_EXERCISE INPUT_
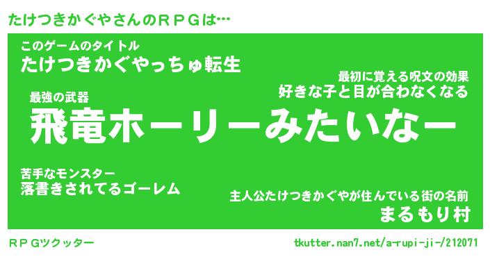 | 男性向けラノベタイトル風あだ名 | 『タケツキカグヤアートオンライン』 |
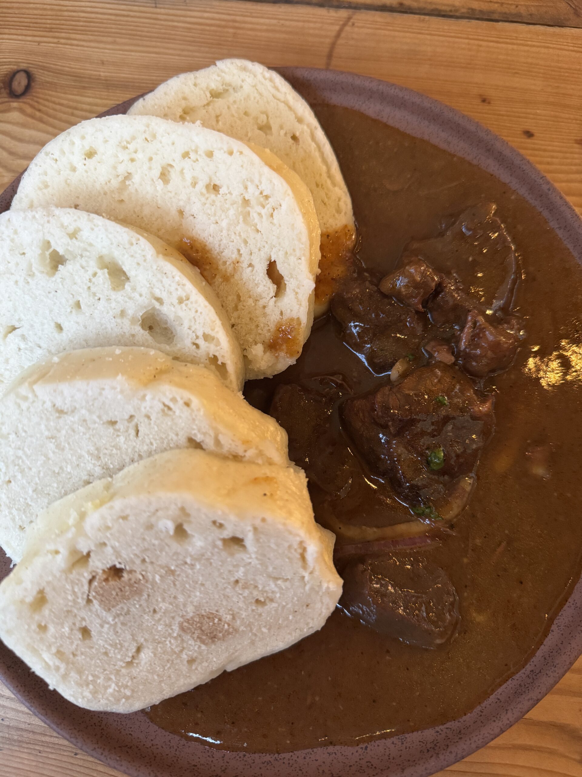 This beef-based dish is based on Hungarian goulash. It is a thick stew with beef, onions, spices, and bread dumplings.
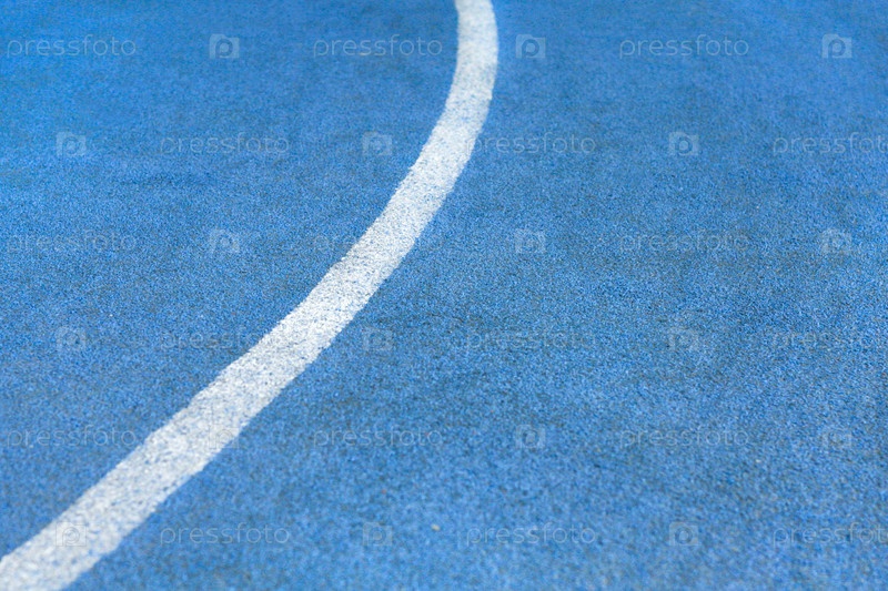 Фрагмент синей синтетической поверхности беговых дорожек легкоатлетического стадиона с белой линией в виде текстуры, фона (абстракт)
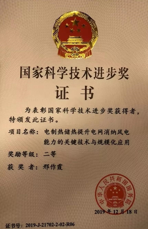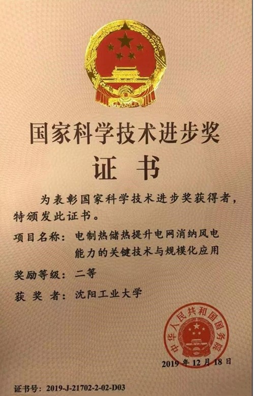 1月10日,2019年度國(guó)家科學(xué)技術(shù)獎(jiǎng)勵(lì)大會(huì)在人民大會(huì)堂隆重舉行。我校作為主要完成單位,邢作霞教授作為主要完成人的“電制熱儲(chǔ)熱提升電網(wǎng)消納風(fēng)電能力的關(guān)鍵技術(shù)與規(guī)模化應(yīng)用”項(xiàng)目,喜獲2019年度國(guó)家科學(xué)技術(shù)進(jìn)步獎(jiǎng)二等獎(jiǎng)。
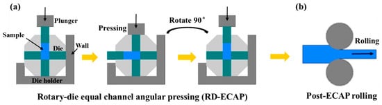 Processing schematic of (a) RD-ECAP and (b) post-ECAP rolling.
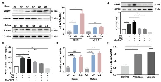 Propionate and butyrate increased intestinal AANAT level in rats. (A) Representative images (left) and quantification of intestinal AANAT level (right) detected using Western blotting after administration of sodium propionate or sodium butyrate to germfree rats. Analysis was performed using Brown–Forsythe and Welch ANOVA test with Tamhane’s T2 post-hoc test (n = 6). (B) Representative images (above) and quantification of AANAT level (below) in BON-1 cells after propionate/butyrate (10 mM) treatment for 24 h with or without Aanat siRNA treatment for 32 h. Results were obtained using Western blotting and analyzed using one-way ANOVA with Tukey’s post-hoc test. n = 6. (C) Melatonin concentration in BON-1 cell supernatant after propionate/butyrate (10 mM) treatment for 24 h with or without Aanat siRNA treatment for 32 h. Results were detected using ELISA and analyzed using one-way ANOVA with Tukey’s post-hoc test (n = 6). (D) Intestinal Aanat mRNA expression normalized to β-actin expression after administration of sodium propionate or sodium butyrate to germfree rats. Results were obtained using qPCR and analyzed using one-way ANOVA with Tukey’s post-hoc test (n = 6). (E) Aanat mRNA expression normalized to β-actin expression in BON-1 cells after treatment with propionate/butyrate (10 mM) for 24 h. Analysis was performed using one-way ANOVA with Tukey’s post-hoc test (n = 6). GF, germfree rats receiving PBS gavage; GP, germfree rats receiving propionate gavage; GB, germfree rats receiving butyrate gavage. * p < 0.05, ** p < 0.01, *** p < 0.001.
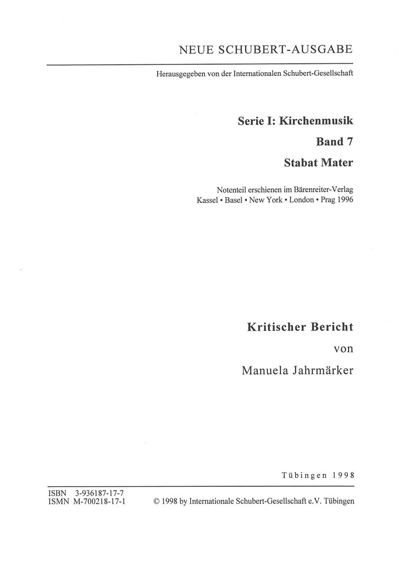 Neue Schubert-Ausgabe. Kritische Berichte / Kirchenmusik / Stabat mater
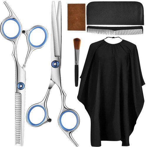 - DUŻY ZESTAW - cały zestaw zawiera 7 elementów. Jest w nim peleryna fryzjerka, która ochroni ubranie przed pobrudzeniem podczas zabiegów fryzjerskich. 2 pary nożyczek. Jest także grzebień, pędzel i ściereczka do czyszczenia nożyczek. Całość bardzo przydatna w trakcie strzyżenia oraz innych zabiegów fryszerskich.

_GOAL OF THE EXERCISE_
Before duplicating the entries above, strip out the pictures and keep the rest exact.

_TASK RESULT_
 | 男性向けラノベタイトル風あだ名 | 『タケツキカグヤアートオンライン』 |
 This beef-based dish is based on Hungarian goulash. It is a thick stew with beef, onions, spices, and bread dumplings.
 Фрагмент синей синтетической поверхности беговых дорожек легкоатлетического стадиона с белой линией в виде текстуры, фона (абстракт)
 1月10日,2019年度國(guó)家科學(xué)技術(shù)獎(jiǎng)勵(lì)大會(huì)在人民大會(huì)堂隆重舉行。我校作為主要完成單位,邢作霞教授作為主要完成人的“電制熱儲(chǔ)熱提升電網(wǎng)消納風(fēng)電能力的關(guān)鍵技術(shù)與規(guī)模化應(yīng)用”項(xiàng)目,喜獲2019年度國(guó)家科學(xué)技術(shù)進(jìn)步獎(jiǎng)二等獎(jiǎng)。
 Processing schematic of (a) RD-ECAP and (b) post-ECAP rolling.
 Propionate and butyrate increased intestinal AANAT level in rats. (A) Representative images (left) and quantification of intestinal AANAT level (right) detected using Western blotting after administration of sodium propionate or sodium butyrate to germfree rats. Analysis was performed using Brown–Forsythe and Welch ANOVA test with Tamhane’s T2 post-hoc test (n = 6). (B) Representative images (above) and quantification of AANAT level (below) in BON-1 cells after propionate/butyrate (10 mM) treatment for 24 h with or without Aanat siRNA treatment for 32 h. Results were obtained using Western blotting and analyzed using one-way ANOVA with Tukey’s post-hoc test. n = 6. (C) Melatonin concentration in BON-1 cell supernatant after propionate/butyrate (10 mM) treatment for 24 h with or without Aanat siRNA treatment for 32 h. Results were detected using ELISA and analyzed using one-way ANOVA with Tukey’s post-hoc test (n = 6). (D) Intestinal Aanat mRNA expression normalized to β-actin expression after administration of sodium propionate or sodium butyrate to germfree rats. Results were obtained using qPCR and analyzed using one-way ANOVA with Tukey’s post-hoc test (n = 6). (E) Aanat mRNA expression normalized to β-actin expression in BON-1 cells after treatment with propionate/butyrate (10 mM) for 24 h. Analysis was performed using one-way ANOVA with Tukey’s post-hoc test (n = 6). GF, germfree rats receiving PBS gavage; GP, germfree rats receiving propionate gavage; GB, germfree rats receiving butyrate gavage. * p < 0.05, ** p < 0.01, *** p < 0.001.
 Neue Schubert-Ausgabe. Kritische Berichte / Kirchenmusik / Stabat mater
 - DUŻY ZESTAW - cały zestaw zawiera 7 elementów. Jest w nim peleryna fryzjerka, która ochroni ubranie przed pobrudzeniem podczas zabiegów fryzjerskich. 2 pary nożyczek. Jest także grzebień, pędzel i ściereczka do czyszczenia nożyczek. Całość bardzo przydatna w trakcie strzyżenia oraz innych zabiegów fryszerskich.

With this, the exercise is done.